1. Run xfs_info on your XFS mount point. For example:
[root@osvault ~]# xfs_info /cache/
meta-data=/dev/CACHE/CACHE isize=256 agcount=375, agsize=64469728 blks
= sectsz=512 attr=1
data = bsize=4096 blocks=24157093888, imaxpct=25
= sunit=0 swidth=0 blks, unwritten=1
naming = version 2 bsize=4096
log =internal bsize=4096 blocks=32768, version=1
= sectsz=512 sunit=0 blks, lazy-count=0
realtime =none extsz=4096 blocks=0, rtextents=0

Notice that in this case, the "agsize" is 64 million blocks and the "bsize" is 4K, so the Allocation Groups are 256GBytes each. That means the first 1Tbyte of storage is in the first 4 Allocation Groups. So you want to find the largest files that are in that first 1TByte. If your allocation group is shown differently, then divide 1TByte by the allocation group size and get the number of allocation groups.

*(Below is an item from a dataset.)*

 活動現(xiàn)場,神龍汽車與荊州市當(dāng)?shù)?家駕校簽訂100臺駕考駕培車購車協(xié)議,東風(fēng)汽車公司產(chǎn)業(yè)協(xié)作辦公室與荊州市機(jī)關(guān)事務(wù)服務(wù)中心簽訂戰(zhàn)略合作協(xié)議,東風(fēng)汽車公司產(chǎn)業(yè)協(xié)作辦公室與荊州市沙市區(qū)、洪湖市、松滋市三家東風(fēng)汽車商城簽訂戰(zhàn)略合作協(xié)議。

2. Figure out if those first allocation groups are full by running:

for ag in `seq 0 1 5`; do echo freespace in AG $ag; xfs_db -r -c "freesp -s -a $ag" /dev/CACHE/CACHE ; grep "total free"; done

If the total free blocks in each Allocation Group (AG) is less than about 40, then you can't create inodes in that allocation group. So now you want to find some files in that allocation group and move them out of the file system and then back in again. Its important that you "mv" the file, rather then "cp", so that the file is deleted from the XFS file system.

2. Now run xfs_bmap -v filename on all of the files in your filesystem. Yes, its tedious, so you probably want to script it. Just run an "ls /mountpoint" and send the output to a temporary file. Edit that temporary file and add the command to the beginning. Beware of spaces, quotes and parenthesis in your filenames.

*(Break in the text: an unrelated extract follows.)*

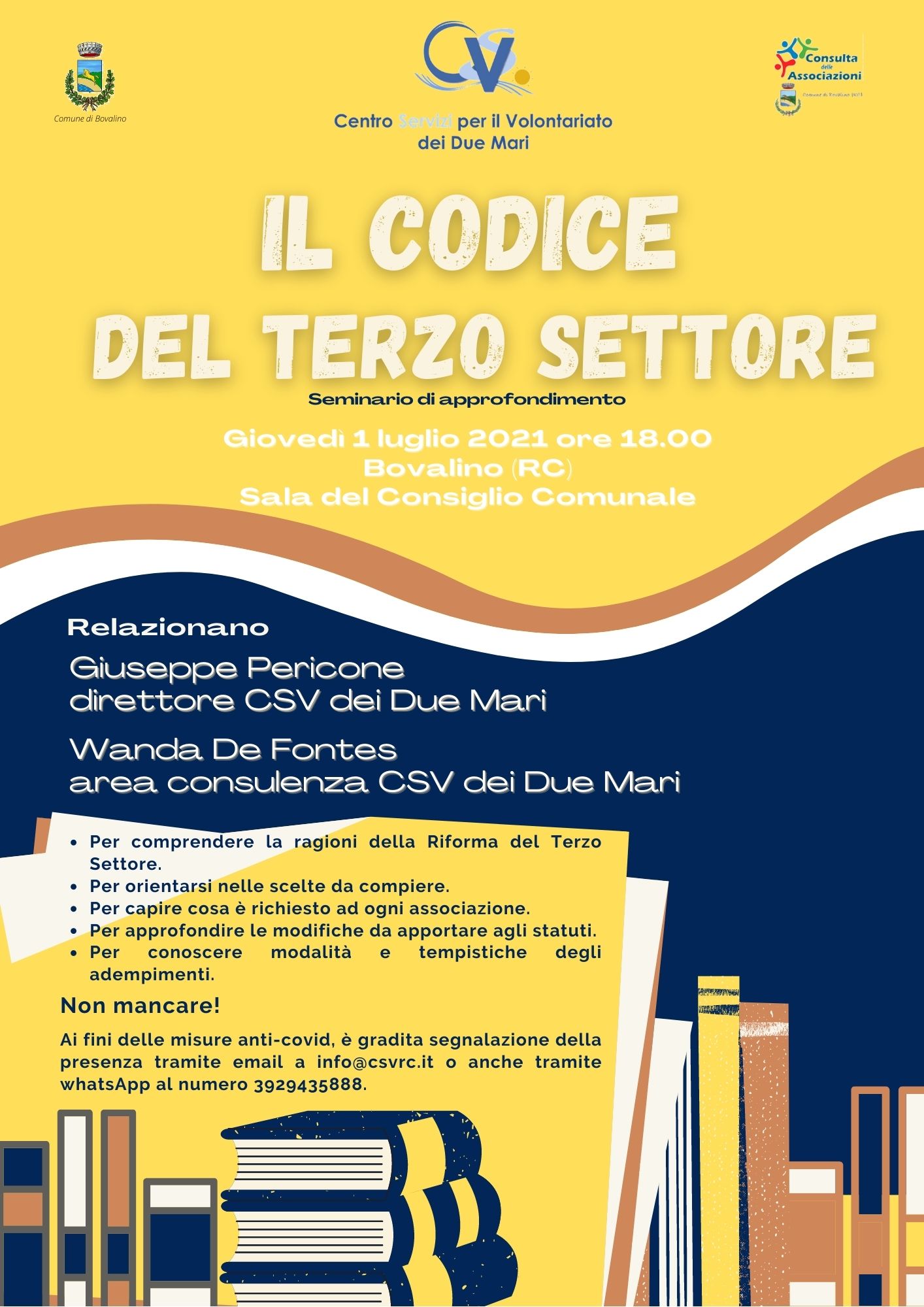 Il CSV dei Due Mari ha organizzato per giovedì 1 luglio 2021, con inizio alle ore 18.00, il seminario di approfondimento “Il codice del Terzo settore”, che si svolgerà a Bovalino presso la Sala del Consiglio Comunale.

3. Examine the output from all those xfs_bmap programs and search for lines with " 0 " (thats a space, then a numeral zero, then a space). That will find the files in Allocation Group 0. Repeat this for Allocation group 1, 2, and 3 (in this example). Every file in those first few allocation groups are candidates. All you have to do is copy the file to a temporary location, then copy it back to the XFS file system. The new instance of the file will be placed in storage in other allocation groups, and your XFS file system will now be able to allocate more inodes for new files.

3 comments:

Unknown said...

Dude...this blog post saved my ASS. thank you sir.

martinitime1975 said...

This did the trick. As soon as I moved the largest file that met the requirements, everything was fixed. Copied the file back and all was good!

martinitime1975 said...
This comment has been removed by the author.